◆ **Work request**
From the material below, return exactly the lines starting at the one that holds "809 - أخبرنا" and ending at the one that holds "4、在linux中输入cat". Pictures stay out of the answer.

◆ **Extracted data**
════════
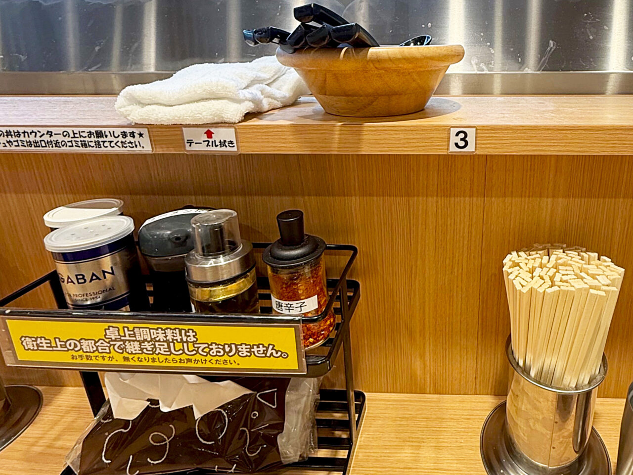 卓上調味料、箸、レンゲ、ダスター、ティッシュなどが機能的に配置されたカウンター。
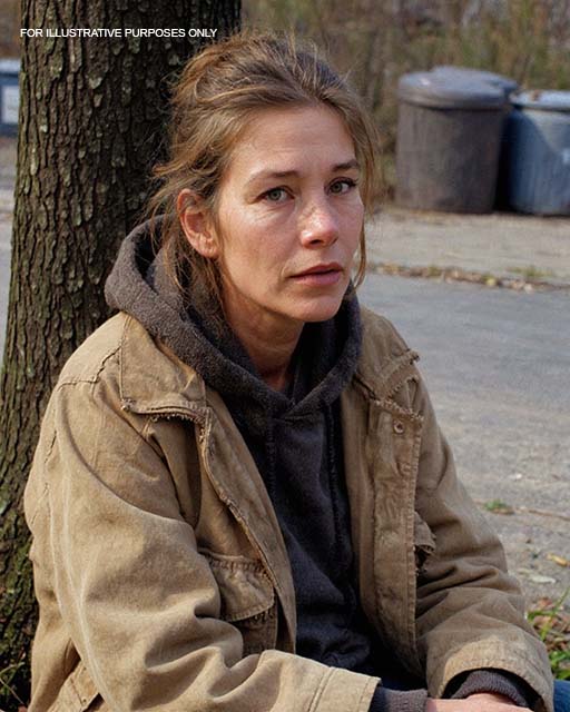 I was cutting across the small park near our old elementary school when I saw a woman sitting on a bench, knees pulled to her chest, arms wrapped around herself in a way that made her look almost folded inward. Her hair was matted from the wind, her jeans torn at one knee, and the sweatshirt she wore was far too thin for the bitter November morning.
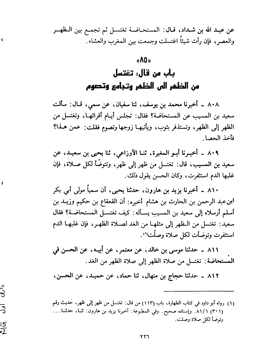 809 - أخبرنا أبو المغيرة ثنا الأوزاعي ثنا يحيى بن سعيد عن سعيد بن المسيب قال : تغتسل من ظهر إلى ظهر وتتوضأ لكل صلاة فإن غلبها الدم استثفرت وكان الحسن يقول ذلك
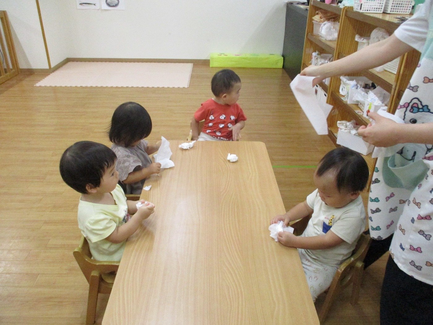 ふわふわのペーパーを、「おいしくな~れ」なんて言いながらくるくるぎゅっぎゅっといろんなお味のお団子ができました。
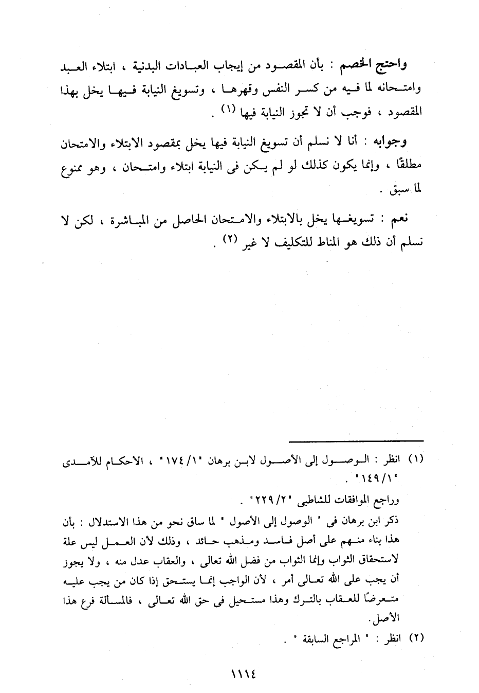 وجوابه: أنا لا نسلم أن تسويغ النيابة فيها يخل بمقصود الابتلاء والامتحان مطلقًا، وإنما يكون كذلك لو لم يكن في النيابة ابتلاء وامتحان، وهو ممنوع لما سبق.
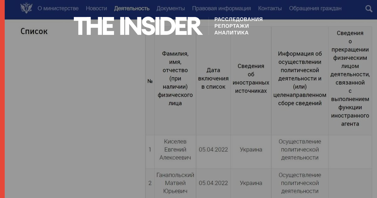 Министерство юстиции РФ создало единый реестр физических лиц, которые объявлены «иностранными агентами» или которые связаны с ними. В список уже попали журналисты Матвей Ганапольский и Евгений Киселев.
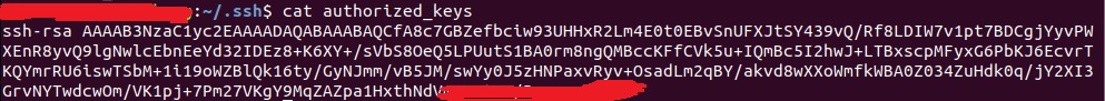 4、在linux中输入cat ~/.ssh/authorized_keys,即可查看公钥内容
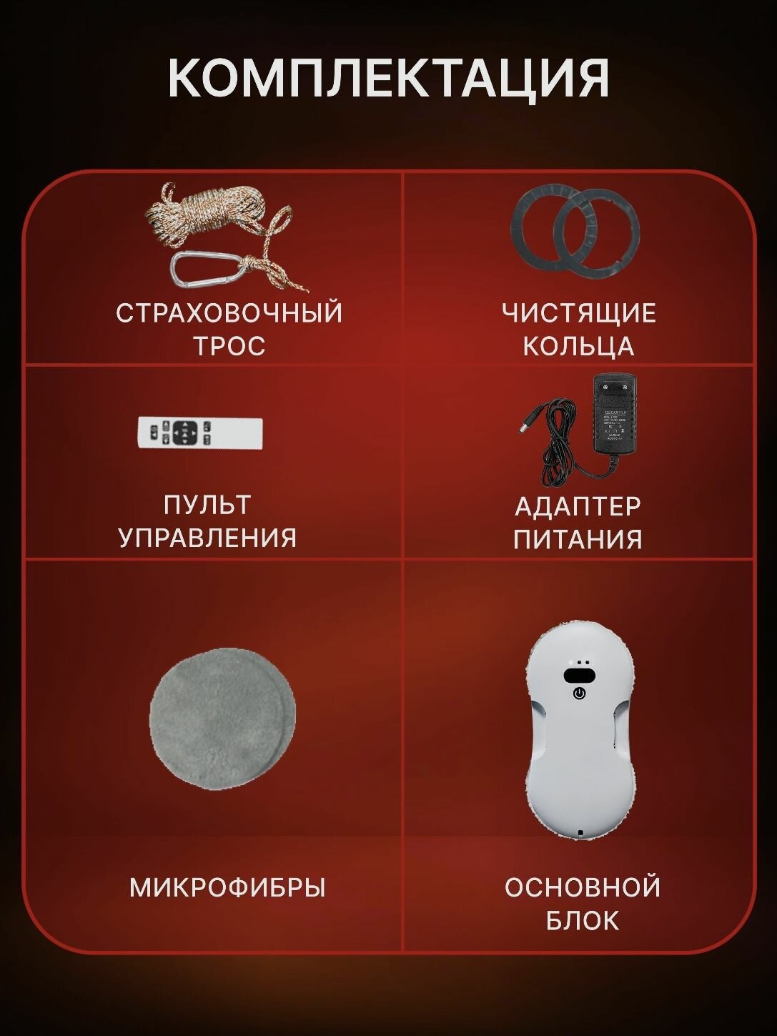 | В комплекте | пульт ДУ, 5м., Стеклоочиститель, блок питания с удлинителем - 4 м., доп. кольца - 2 шт., инструкция, кабель питания -1, салфетки из микрофибры - 10 шт., страховочный трос - 4 м., ёмкость для жидкости |
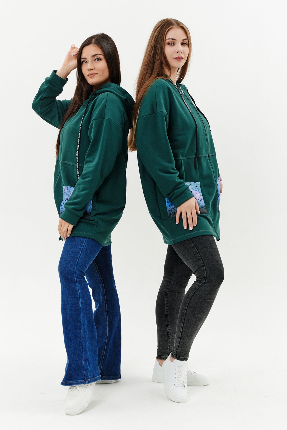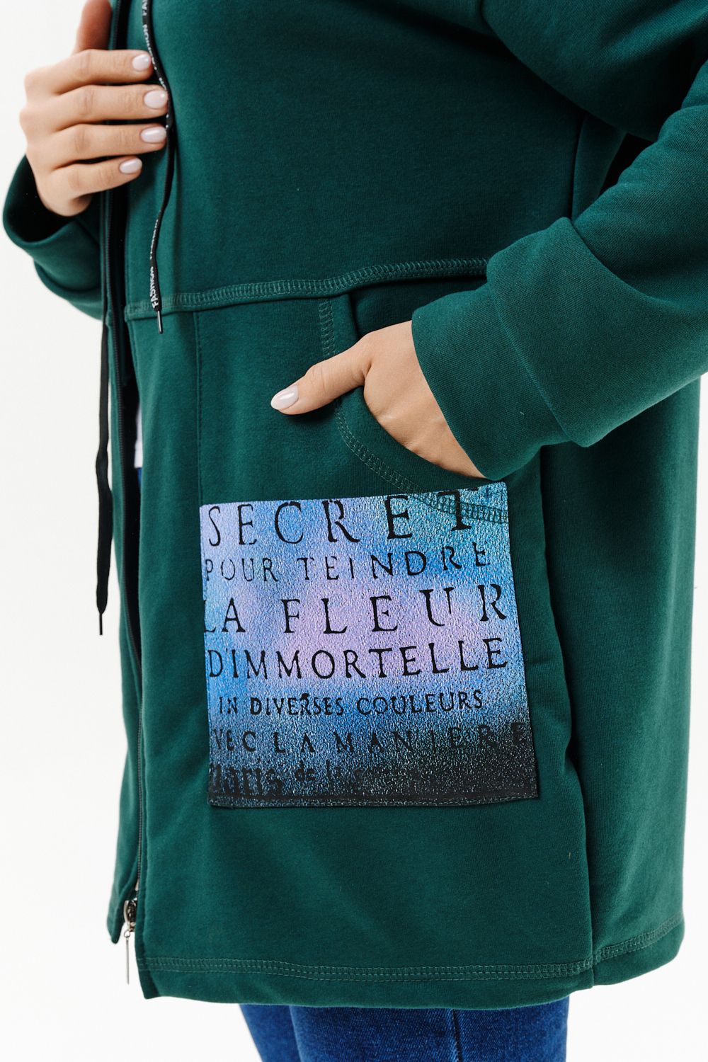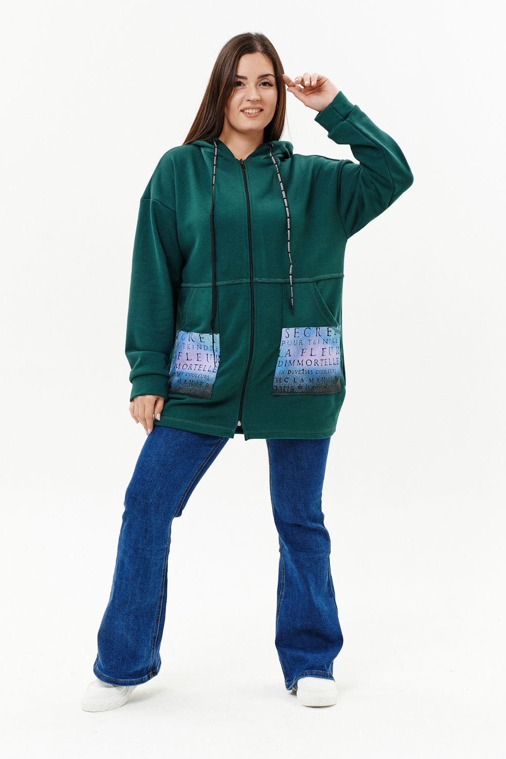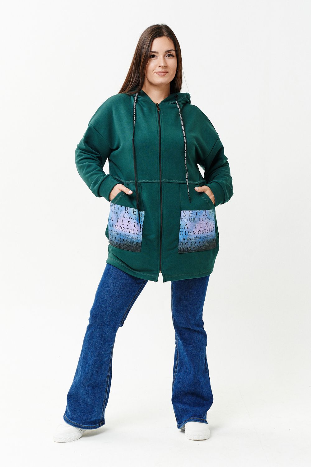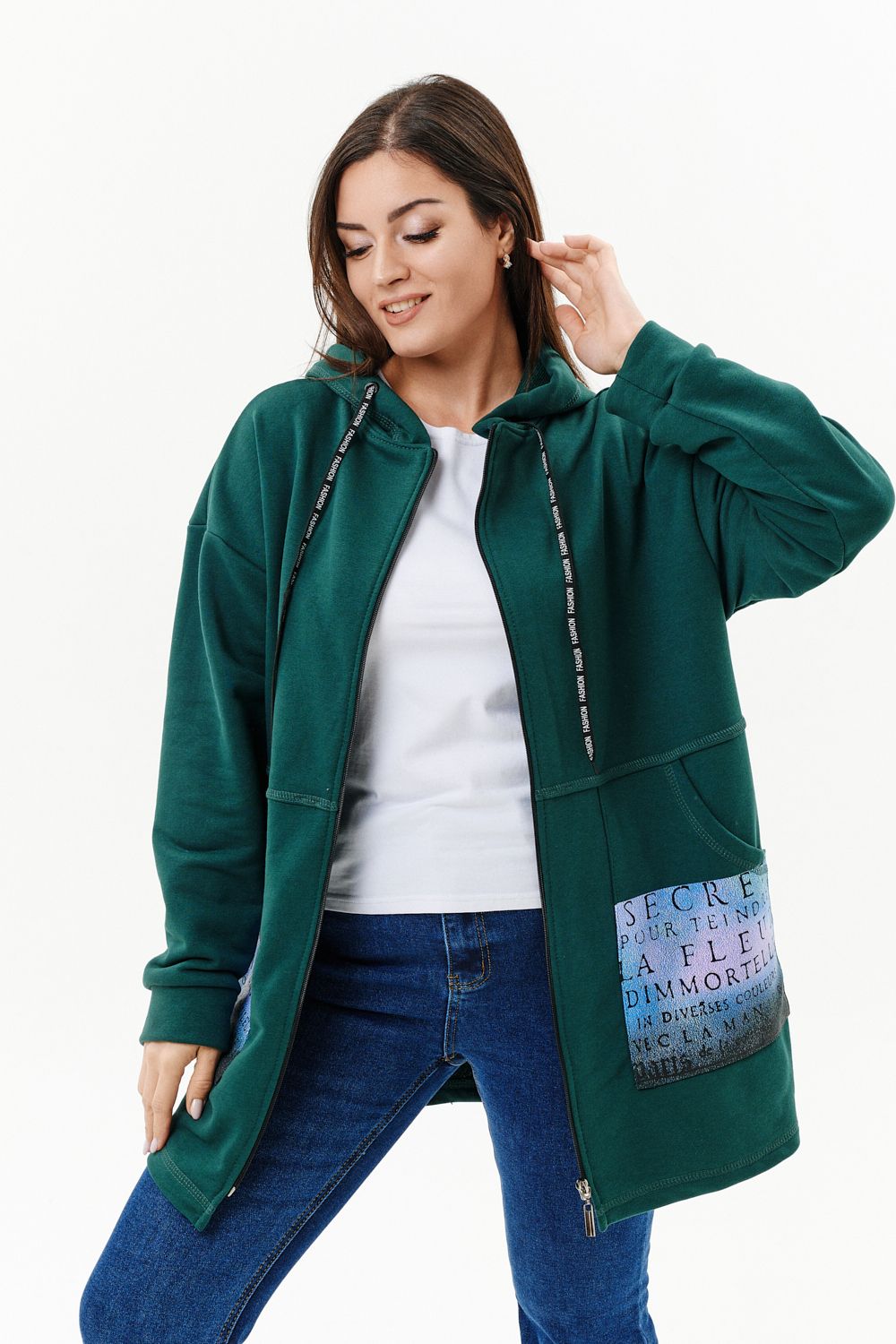 Толстовка женская прямого силуэта до линии бедер, в нижней части заужена по бокам. Рукав втачной с заниженной линией плеча, с манжетой. Капюшон с люверсами и декоративными шнурками с надписью. Застежка на тесьму-молнию. В нижней части полочки два накладных кармана со стильным принтом. Материал - футер 3-х нитка петля.
════════
◆ **Reply to the task**
 809 - أخبرنا أبو المغيرة ثنا الأوزاعي ثنا يحيى بن سعيد عن سعيد بن المسيب قال : تغتسل من ظهر إلى ظهر وتتوضأ لكل صلاة فإن غلبها الدم استثفرت وكان الحسن يقول ذلك
 ふわふわのペーパーを、「おいしくな~れ」なんて言いながらくるくるぎゅっぎゅっといろんなお味のお団子ができました。
 وجوابه: أنا لا نسلم أن تسويغ النيابة فيها يخل بمقصود الابتلاء والامتحان مطلقًا، وإنما يكون كذلك لو لم يكن في النيابة ابتلاء وامتحان، وهو ممنوع لما سبق.
 Министерство юстиции РФ создало единый реестр физических лиц, которые объявлены «иностранными агентами» или которые связаны с ними. В список уже попали журналисты Матвей Ганапольский и Евгений Киселев.
 4、在linux中输入cat ~/.ssh/authorized_keys,即可查看公钥内容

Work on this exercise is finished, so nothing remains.